» **Exercise description**:
Nothing but the pictures should be left out when you copy the records exactly.

Dataset excerpts

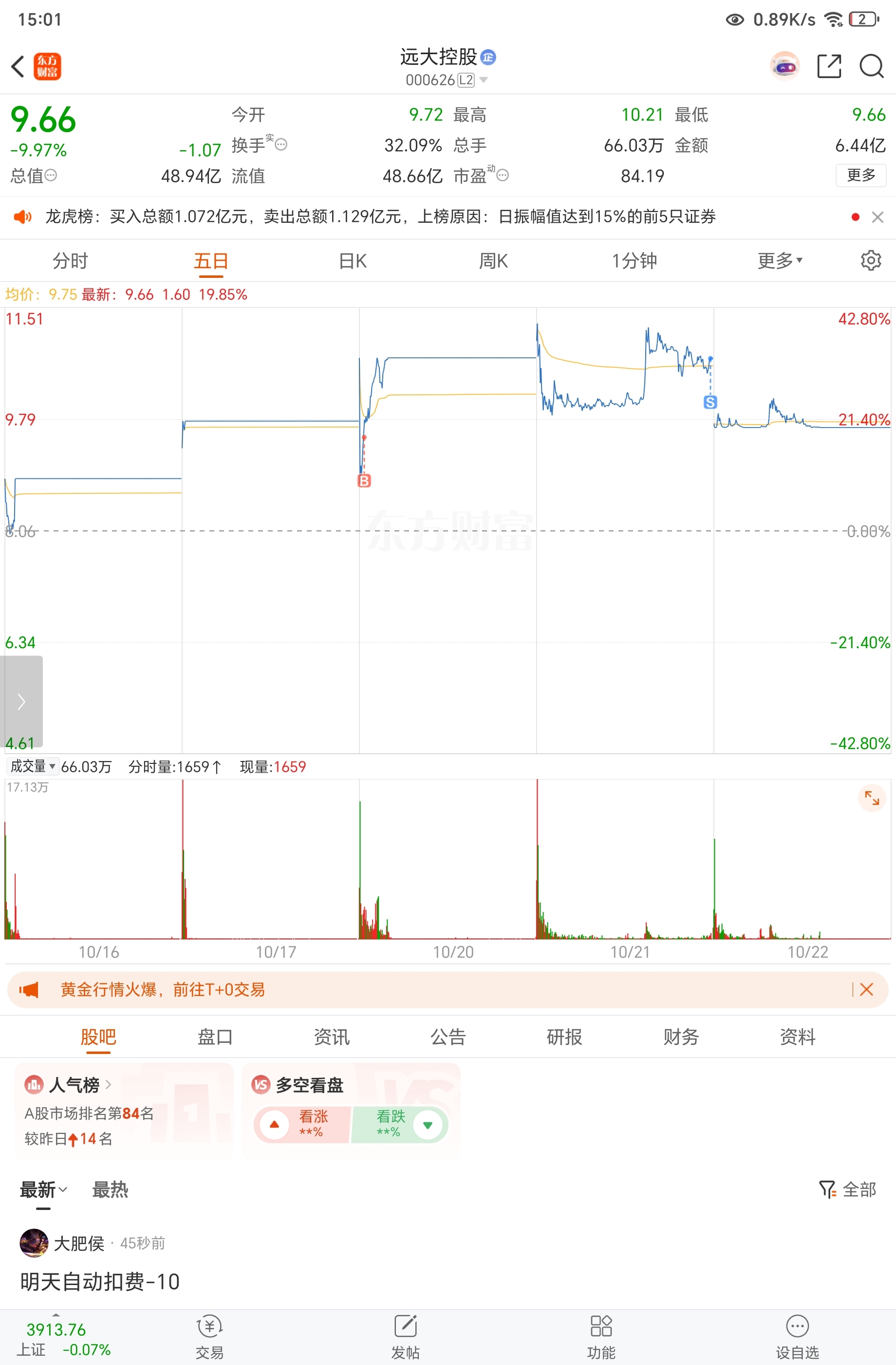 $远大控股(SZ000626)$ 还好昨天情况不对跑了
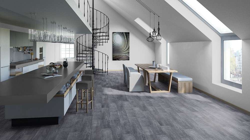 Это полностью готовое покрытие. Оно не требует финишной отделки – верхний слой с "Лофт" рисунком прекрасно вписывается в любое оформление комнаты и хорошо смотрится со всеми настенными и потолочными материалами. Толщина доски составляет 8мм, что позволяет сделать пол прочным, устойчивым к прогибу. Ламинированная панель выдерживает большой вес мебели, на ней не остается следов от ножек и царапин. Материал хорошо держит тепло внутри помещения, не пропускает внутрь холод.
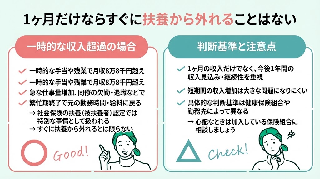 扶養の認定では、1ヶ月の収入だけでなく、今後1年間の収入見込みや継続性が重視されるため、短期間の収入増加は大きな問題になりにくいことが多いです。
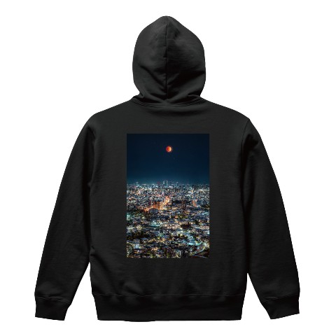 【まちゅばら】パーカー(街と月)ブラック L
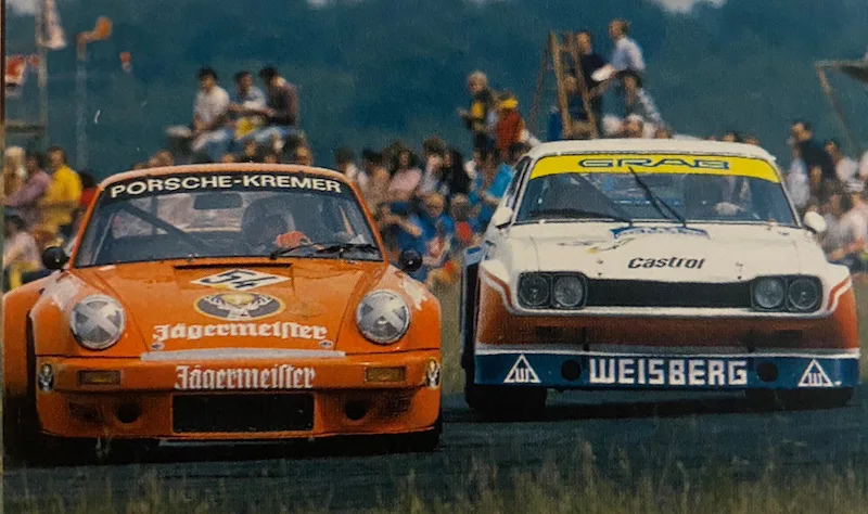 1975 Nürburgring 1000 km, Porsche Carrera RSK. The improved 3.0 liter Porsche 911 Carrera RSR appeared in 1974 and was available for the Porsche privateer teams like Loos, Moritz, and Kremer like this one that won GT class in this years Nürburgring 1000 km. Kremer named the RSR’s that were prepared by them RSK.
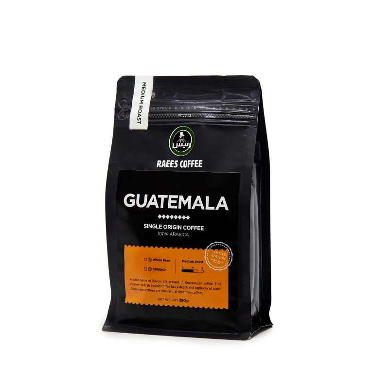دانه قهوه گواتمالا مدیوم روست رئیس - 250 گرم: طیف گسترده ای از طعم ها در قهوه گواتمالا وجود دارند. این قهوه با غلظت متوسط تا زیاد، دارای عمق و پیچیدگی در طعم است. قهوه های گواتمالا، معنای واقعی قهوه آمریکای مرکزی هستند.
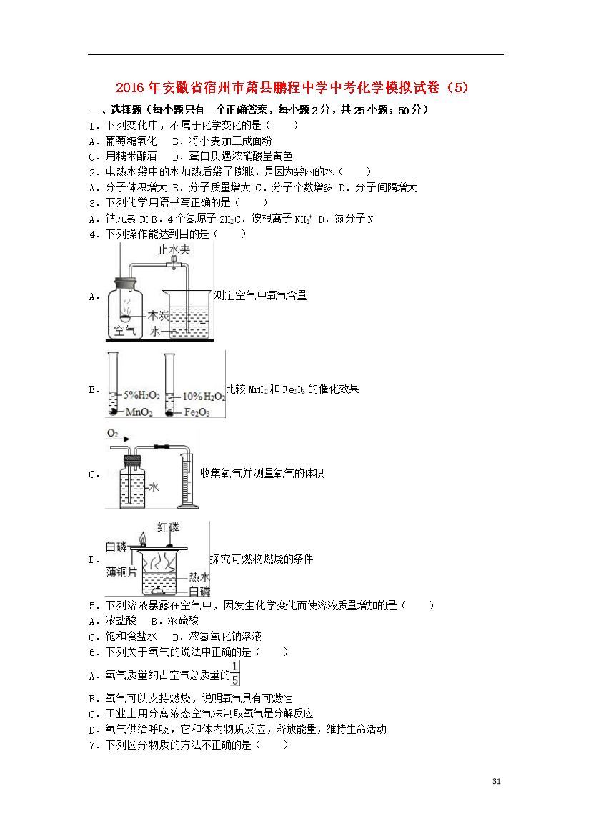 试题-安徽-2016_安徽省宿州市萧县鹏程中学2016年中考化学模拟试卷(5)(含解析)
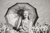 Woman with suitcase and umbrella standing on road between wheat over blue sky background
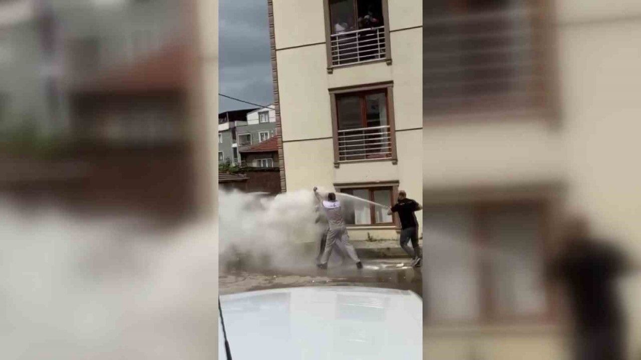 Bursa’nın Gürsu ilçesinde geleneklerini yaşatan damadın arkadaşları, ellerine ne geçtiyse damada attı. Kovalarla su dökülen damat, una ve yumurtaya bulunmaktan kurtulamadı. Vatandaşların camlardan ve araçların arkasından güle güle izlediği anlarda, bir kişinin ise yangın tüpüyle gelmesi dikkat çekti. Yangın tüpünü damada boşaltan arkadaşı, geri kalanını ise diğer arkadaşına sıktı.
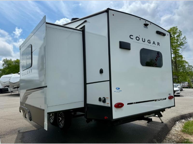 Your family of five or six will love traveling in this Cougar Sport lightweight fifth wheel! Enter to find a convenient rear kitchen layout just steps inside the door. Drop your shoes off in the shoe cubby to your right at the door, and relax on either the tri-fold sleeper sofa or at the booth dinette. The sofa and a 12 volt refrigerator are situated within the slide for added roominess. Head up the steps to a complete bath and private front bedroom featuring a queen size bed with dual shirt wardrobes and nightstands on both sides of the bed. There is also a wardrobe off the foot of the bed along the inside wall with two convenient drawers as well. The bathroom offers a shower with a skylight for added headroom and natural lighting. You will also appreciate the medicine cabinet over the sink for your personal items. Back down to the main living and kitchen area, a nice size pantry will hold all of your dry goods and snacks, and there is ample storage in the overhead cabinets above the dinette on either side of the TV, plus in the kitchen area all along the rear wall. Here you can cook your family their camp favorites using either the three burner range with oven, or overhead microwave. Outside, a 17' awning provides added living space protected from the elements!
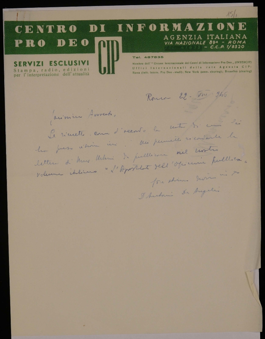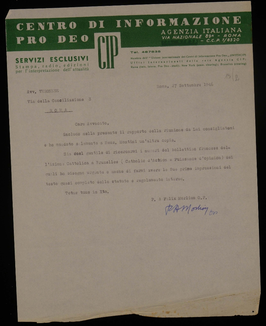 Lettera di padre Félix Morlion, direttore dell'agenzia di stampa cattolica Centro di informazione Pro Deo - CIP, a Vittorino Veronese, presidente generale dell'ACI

» **Solution to this task**:
 $远大控股(SZ000626)$ 还好昨天情况不对跑了
 Это полностью готовое покрытие. Оно не требует финишной отделки – верхний слой с "Лофт" рисунком прекрасно вписывается в любое оформление комнаты и хорошо смотрится со всеми настенными и потолочными материалами. Толщина доски составляет 8мм, что позволяет сделать пол прочным, устойчивым к прогибу. Ламинированная панель выдерживает большой вес мебели, на ней не остается следов от ножек и царапин. Материал хорошо держит тепло внутри помещения, не пропускает внутрь холод.
 扶養の認定では、1ヶ月の収入だけでなく、今後1年間の収入見込みや継続性が重視されるため、短期間の収入増加は大きな問題になりにくいことが多いです。
 【まちゅばら】パーカー(街と月)ブラック L
 1975 Nürburgring 1000 km, Porsche Carrera RSK. The improved 3.0 liter Porsche 911 Carrera RSR appeared in 1974 and was available for the Porsche privateer teams like Loos, Moritz, and Kremer like this one that won GT class in this years Nürburgring 1000 km. Kremer named the RSR’s that were prepared by them RSK.
دانه قهوه گواتمالا مدیوم روست رئیس - 250 گرم: طیف گسترده ای از طعم ها در قهوه گواتمالا وجود دارند. این قهوه با غلظت متوسط تا زیاد، دارای عمق و پیچیدگی در طعم است. قهوه های گواتمالا، معنای واقعی قهوه آمریکای مرکزی هستند.
 试题-安徽-2016_安徽省宿州市萧县鹏程中学2016年中考化学模拟试卷(5)(含解析)
 Woman with suitcase and umbrella standing on road between wheat over blue sky background
 Bursa’nın Gürsu ilçesinde geleneklerini yaşatan damadın arkadaşları, ellerine ne geçtiyse damada attı. Kovalarla su dökülen damat, una ve yumurtaya bulunmaktan kurtulamadı. Vatandaşların camlardan ve araçların arkasından güle güle izlediği anlarda, bir kişinin ise yangın tüpüyle gelmesi dikkat çekti. Yangın tüpünü damada boşaltan arkadaşı, geri kalanını ise diğer arkadaşına sıktı.
 Your family of five or six will love traveling in this Cougar Sport lightweight fifth wheel! Enter to find a convenient rear kitchen layout just steps inside the door. Drop your shoes off in the shoe cubby to your right at the door, and relax on either the tri-fold sleeper sofa or at the booth dinette. The sofa and a 12 volt refrigerator are situated within the slide for added roominess. Head up the steps to a complete bath and private front bedroom featuring a queen size bed with dual shirt wardrobes and nightstands on both sides of the bed. There is also a wardrobe off the foot of the bed along the inside wall with two convenient drawers as well. The bathroom offers a shower with a skylight for added headroom and natural lighting. You will also appreciate the medicine cabinet over the sink for your personal items. Back down to the main living and kitchen area, a nice size pantry will hold all of your dry goods and snacks, and there is ample storage in the overhead cabinets above the dinette on either side of the TV, plus in the kitchen area all along the rear wall. Here you can cook your family their camp favorites using either the three burner range with oven, or overhead microwave. Outside, a 17' awning provides added living space protected from the elements!
 Lettera di padre Félix Morlion, direttore dell'agenzia di stampa cattolica Centro di informazione Pro Deo - CIP, a Vittorino Veronese, presidente generale dell'ACI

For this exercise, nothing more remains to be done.